Garden path baby, garden path.
xo
each grief is unique and delicate and powerful and cannot be compared to another. You are allowed to grieve him as long as it is necessary. You are allowed to miss him and want him around for every day of your life.
your grief indicates how very much love is in you.
no words, just (((((Hugs))))))
What is it about 5 years? I’ve been dreading this “milestone” which I will hit at the end of December, a few days before Christmas. My thought are with you as you pass a sad anniversary of sorts.
Isn’t it strange how greif sneaks up on you when you least expect it? My mother will be on 2 year Nov. 18. And it still hurts. My brother died May 2, 1998 and it will still sneak up and bite me int he butt. Others have died in our family and it hurts. Each time it is thier birthday or death date it hurts. Somedays in between. yeah I guess it gets better with time but it will always be a wound that will be tender… well at least it has been for me.
May is the time I need my crazy med the most. We lost 3 people in the month of May and it is my moms birth month… I hate may!
Thanks for letting me vent.
What Jackie Hall said. It is the sucker punches of grief that still get me. My sis died 2 1/2 years ago and boy, it still sucks so bad. Not all the time but when it hurts, it really, really hurts.
Hug.
What you wrote both broke my heart and offered me hope; if that seems possible.
Hope that this is normal, that life will not ever be the same and that I will weep at times when I am surprised to be doing so; hope that this is not me losing my mind.
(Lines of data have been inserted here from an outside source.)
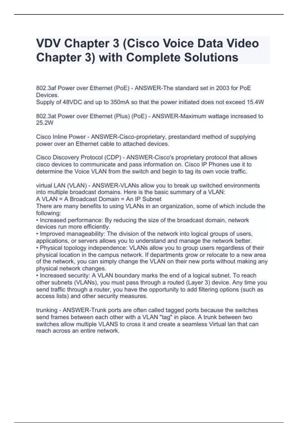 VDV Chapter 3 (Cisco Voice Data Video Chapter 3) with Complete SolutionsVDV Chapter 3 (Cisco Voice Data Video Chapter 3) with Complete SolutionsVDV Chapter 3 (Cisco Voice Data Video Chapter 3) with Complete SolutionsVDV Chapter 3 (Cisco Voice Data Video Chapter 3) with Complete Solutions 802.3af Power over Ethernet (PoE) - ANSWER-The standard set in 2003 for PoE Devices. Supply of 48VDC and up to 350mA so that the power initiated does not exceed 15.4W 802.3at Power over Ethernet (Plus) (PoE) - ANSWER-Maximum wattage increased to 25.2W Cisco Inline Power - ANSWER-Cisco-proprietary, prestandard method of supplying power over an Ethernet cable to attached devices. Cisco Discovery Protocol (CDP) - ANSWER-Cisco's proprietary protocol that allows cisco devices to communicate and pass information on. Cisco IP Phones use it to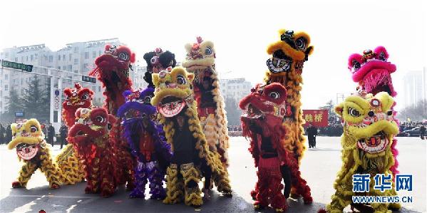 2月11日,山东省邹平县魏桥镇农民文艺队在表演耍狮子。当日,山东省邹平县举行庆元宵传统民俗文艺汇演暨农民文化艺术节活动。新华社发(董乃德 摄)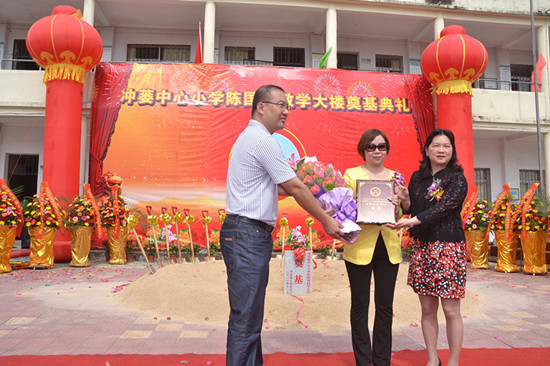奠基典礼在鼓乐齐奏中开始了。副市长黄国忠先生、冲蒌镇人民政府镇长黄吉照分别致辞,高度赞扬了陈彩珍女士热爱家乡教育事业、慷慨捐输兴学育才的高风亮节;金津置业有限公司董事长陈彩珍也作了发言,感人肺腑,兄妹情深令人动容。接着台山市委常委、统战部部长黄淑质、冲蒌镇镇委书记李文斌向陈彩珍女士赠送纪念品。在热烈的掌声、礼炮声中,领导、嘉宾们一起为冲蒌中心小学陈国海教学大楼奠基,预示着冲蒌中心小学必将花开满园,芳香四溢,拥有辉煌的明天。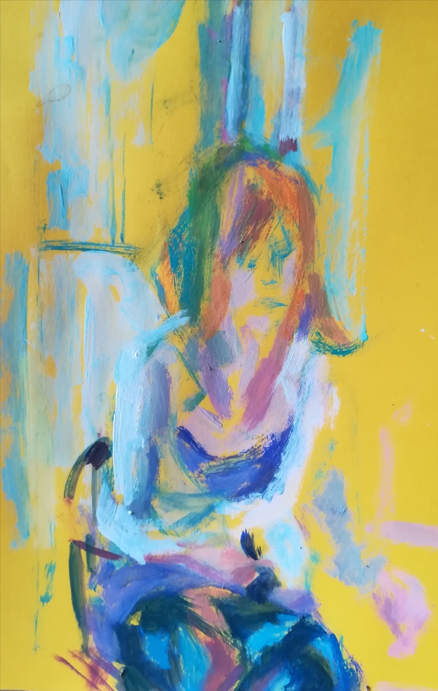 In Self Portrait-ill painted at the end of May I tried to objectively represent myself as a woman diminished by illness but there is an energy which contradicts this in the contrasting use of yellow and violet and the gestural marks which describe the form.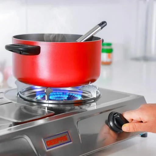The Geepas GK6856 Stainless Steel Gas Cooker is designed for strong performance, long-lasting use, and efficient energy use. It comes with two heavy-duty cast iron burners that provide a total power of 5.6kW, making sure your food cooks quickly and evenly. The automatic ignition system makes it easy and safe to light the flames without any hassle. The cooker has a stainless steel body that won’t rust and is simple to clean. It also uses less gas and saves up to 60% of energy, making it great for both home and professional kitchens.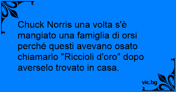 Chuck Norris una volta s'è mangiato una famiglia di orsi perché questi avevano osato chiamarlo "Riccioli d'oro" dopo averselo trovato in casa.
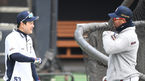 [OSEN=잠실, 곽영래 기자] 19일 오후 서울 잠실야구장에서 두산 베어스가 훈련을 진행했다.두산 최주환이 페르난데스가 이야기를 나누고 있다. /youngrae@osen.co.kr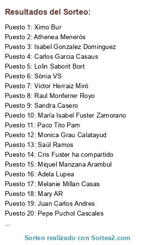 Lista de participantes: Vicente Moliner Canos, Paco Tito Pam, Ximo Bur, Cris Fuster ha compartido , Pepe Puchol Cascales , Sam Demos , Alicia Sanchis Pizá, Minerva Sanchis Pizá , Juan Ramon Pallares , Adel Alg, Dani Gil, Monica Grau Calatayud, Mayka Menero, Athenea Menerós, Lolin Saborit Bort, Flores Soriano Rodríguez , Raul Monferrer Royo, Victor Herraiz Miró , Melanie Millan Casas, Miquel Manzana Arambul , Saúl Ramos , Carlos Garcia Casaus , Juan Carlos Ferrandis Adsuara, Sònia VS, Mary AR, Sandra Casero , María Isabel Fuster Zamorano, Juan Carlos Andres, Isabel Gonzalez Dominguez, Adela Lupea, Vicente Javier Prior Muñoz , Toni Catalan.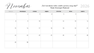 Novembar 2026 Kalendar Rada Krivokapic Radonjic G&M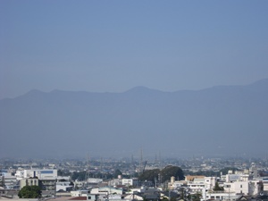 松本市街 後ろは北アルプス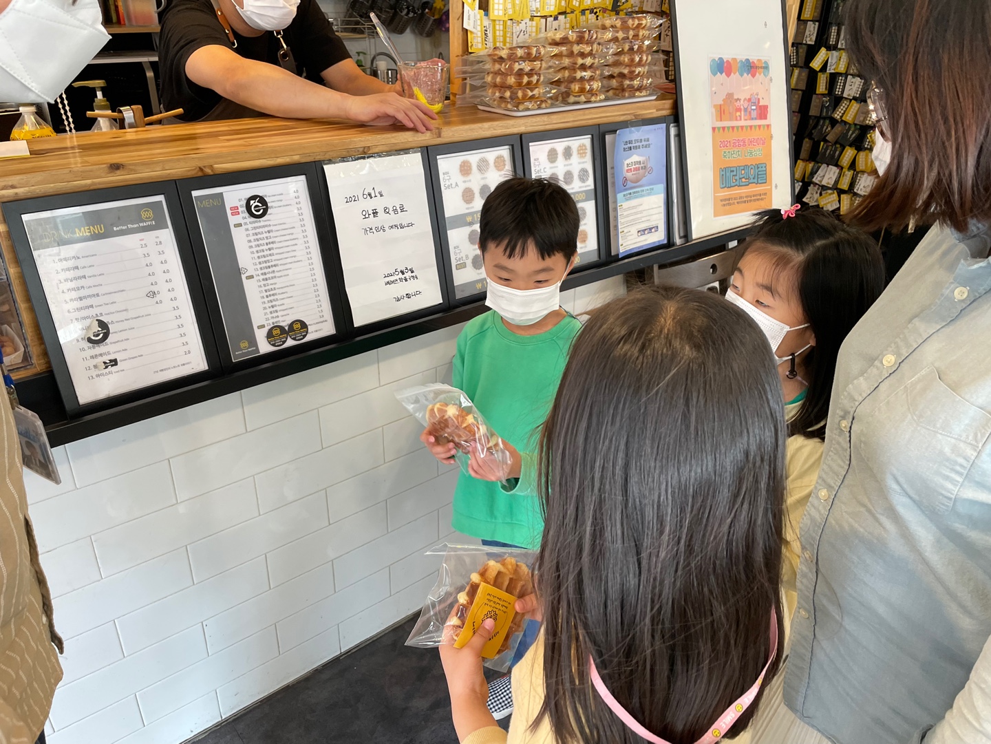 장미공원에 있던 많은 아이들이 소문을 듣고 베러 댄 와플로 갔습니다.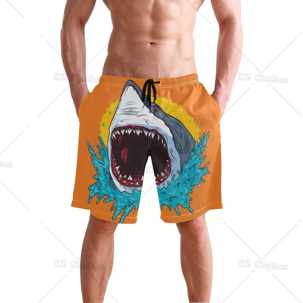 Пляжные шорты Shark Orange, Летние плавки, спортивные купальные костюмы для бега с сетчатой подкладкой и карманами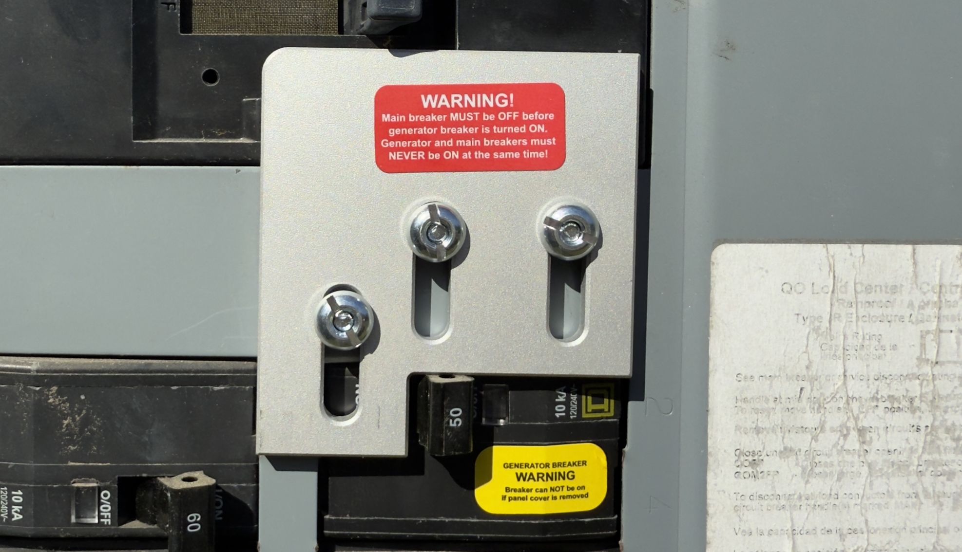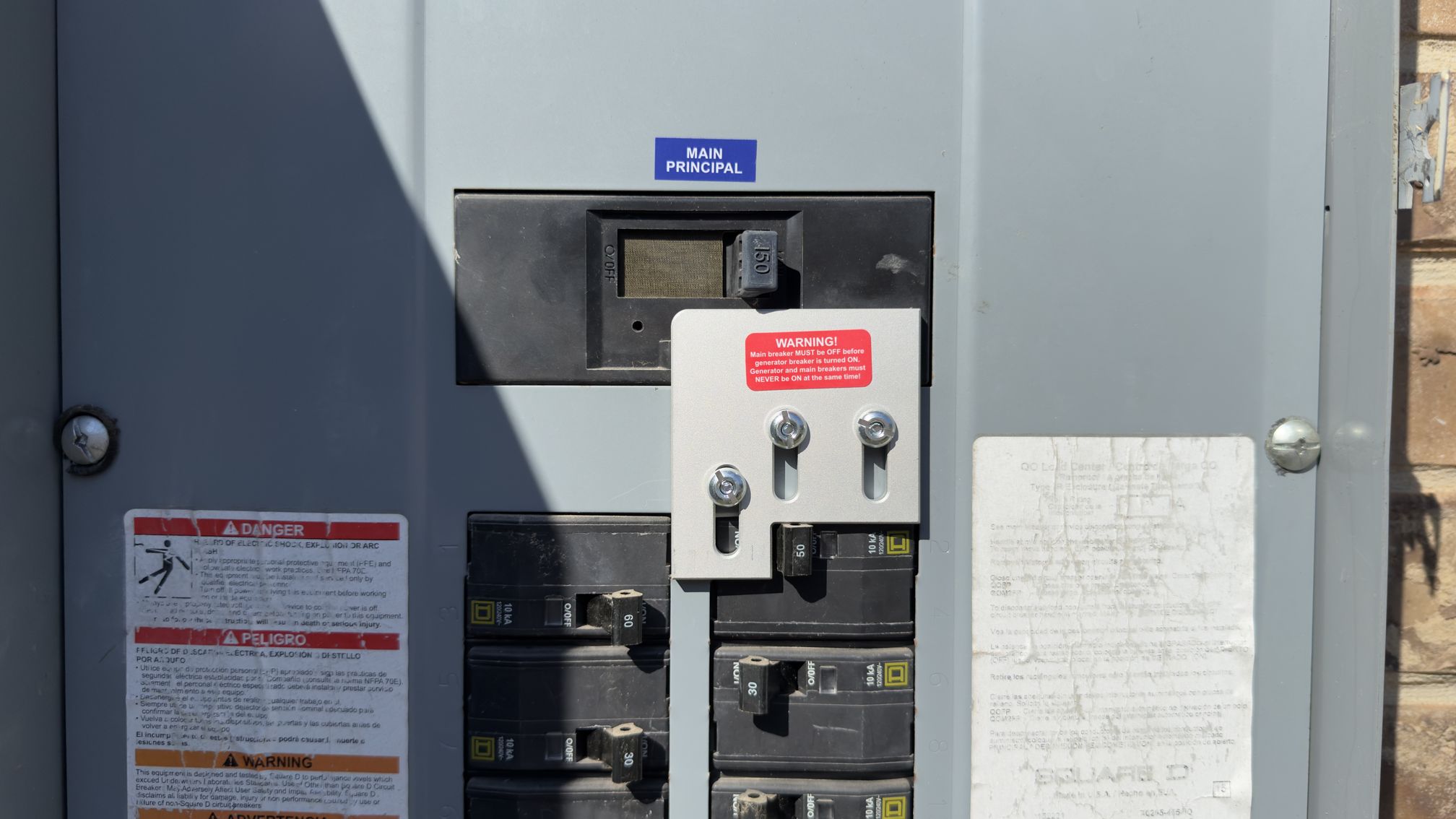 Added a portable generator interlock kit to a home’s circuit breaker panel. This interlock allows for the safe backfeeding of a home with electrical power from a portable generator during a power outage. The interlock also prevents the unsafe condition where the generator sends power back onto the power company’s electrical grid.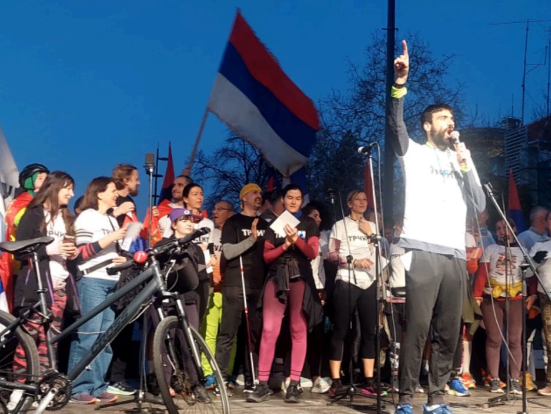 Onda su na bini dočekani maratonci/ke i biciklisti/kinje. „Pumpaj do izborne pobede koju će pokušati da nam ukradu, ali koju ćemo svi zajedno odbraniti!“, poručeno je sa bine. „Pumpaj do izborne kampanje za koju ćemo se svi još jače mobilisati. Pumpaj do izborne pobede koju ćemo zajedno osvojiti. Pumpaj do odbrane izborne pobede koju će pokušati da nam ukradu, ali koju ćemo svi zajedno odbraniti.“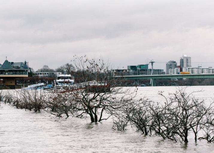 这是2月2日在德国科隆拍摄的水位上涨的莱茵河。新华社发(唐颖 摄)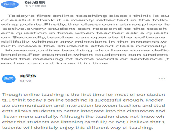 教师每周布置员工预习内容,如果员工有疑问,随时可以在“提问区”提出其问题,教师在讲课前可以翻看员工提出的问题,在教学时能够更好地做到有的放矢,因人施教。另外,教师也可以在提问区提出问题,比如针对在线教学师生互动容易缺失,教师可以抛出以下问题:How can I keep you engaged while online teaching?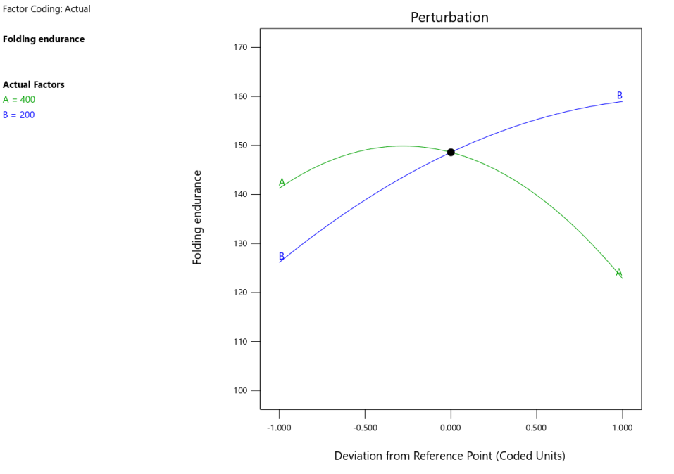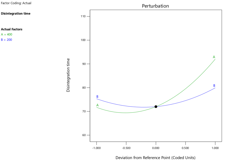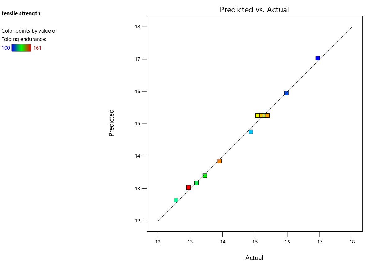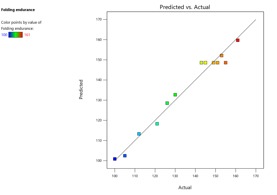 The predicted vs. actual plot (fig. 3a) confirmed the model’s reliability in predicting folding endurance. The data points aligned closely with the regression line, indicating good predictive capability. The perturbation plot (fig. 3b) further illustrated how folding endurance was influenced by changes in individual factors. The steep slopes observed for polymer and plasticizer concentrations highlighted their significant contributions to the response.

And of course, heartbroken for you, for all of the loss out there, for not being able to help mend any of it.
Thinking of you.
I tried to read this post I really did but could not get threw it. I lost my mom suddenly Nov. 18, 2007 and I lost her mother my granny that was like a mother to me May 7, 2007. And serveral others before them. What I read was lovely and I know your hurting. I understand. Hang in there. I just wanted to let you know your not alone.